## RECORDS SUPPLIED
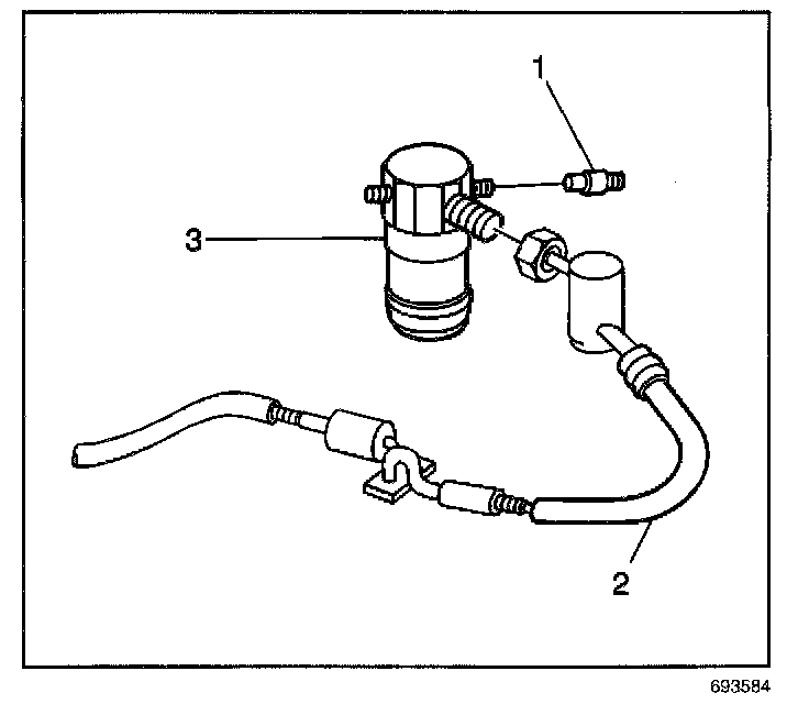3. Install the A/C low pressure switch (1) to the accumulator (3).
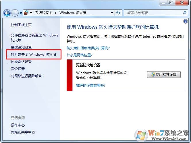 3、这时我们可以点击左侧的“打开或关闭 Windows 防火墙”,如图所示
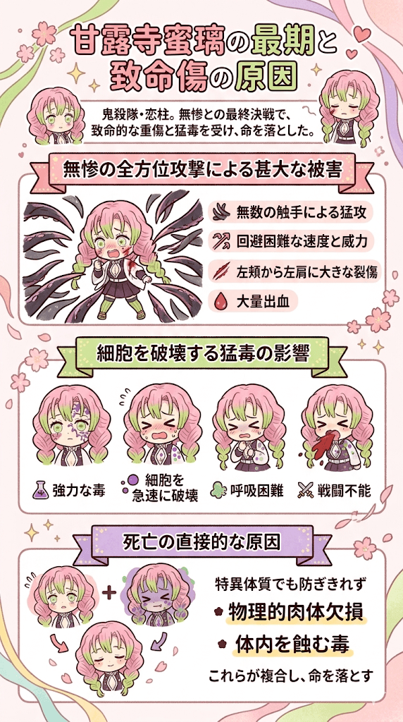 甘露寺蜜璃が死亡した理由は、鬼の始祖である鬼舞辻無惨との苛烈を極める最終決戦において、修復不可能なほどの重傷を負い、さらに体内に猛毒を打ち込まれたことが直接的な原因とされています。
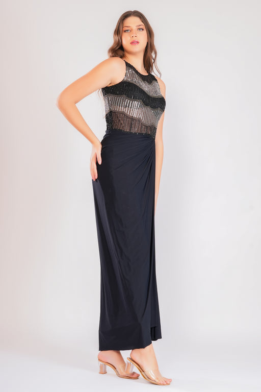 View full detailsBlack Drape Gown – Designed with a blend of bubble lycra and net, this draped gown exudes sophistication and modern elegance. The fluid silhouette ...
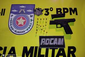 Os indivíduos e os materiais apreendidos (uma pistola Taurus, 17 munições e um iPhone 7) foram conduzidos para a Central de Polícia de Palmeira dos índios.
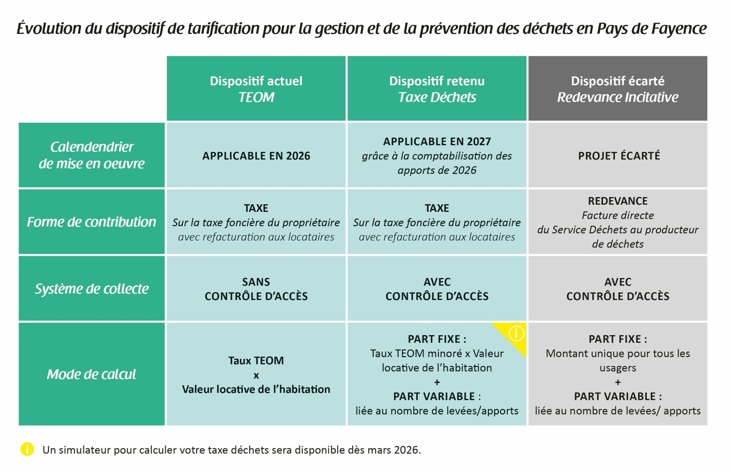 La Redevance Incitative ne sera pas mise en œuvre sur le territoire du Pays de Fayence. Le dispositif actuellement retenu par les élus communautaires est la taxe déchets, votée en Conseil communautaire le 10 décembre 2025, et applicable à compter de 2027 avec comptabilisation des levées et apports dès le 1er janvier 2026.
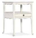 Evoking the relaxed elegance of the coastal South, this charming accent table blends vintage-inspired details with practical storage. Crafted from maple veneers and finished in a soft Magnolia White, it features scalloped trim, an open shelf, and a single self-closing drawer with a designer gray interior—perfect for adding both character and function to a living room, bedroom, or entryway.

## TASK TO CARRY OUT
Once the line containing "甘露寺蜜璃が死亡した理由は、" has been located, transcribe exactly and only every line from the first line of the entries through it, excluding pictures.

## PROBLEM SOLUTION
3. Install the A/C low pressure switch (1) to the accumulator (3).
 3、这时我们可以点击左侧的“打开或关闭 Windows 防火墙”,如图所示
 甘露寺蜜璃が死亡した理由は、鬼の始祖である鬼舞辻無惨との苛烈を極める最終決戦において、修復不可能なほどの重傷を負い、さらに体内に猛毒を打ち込まれたことが直接的な原因とされています。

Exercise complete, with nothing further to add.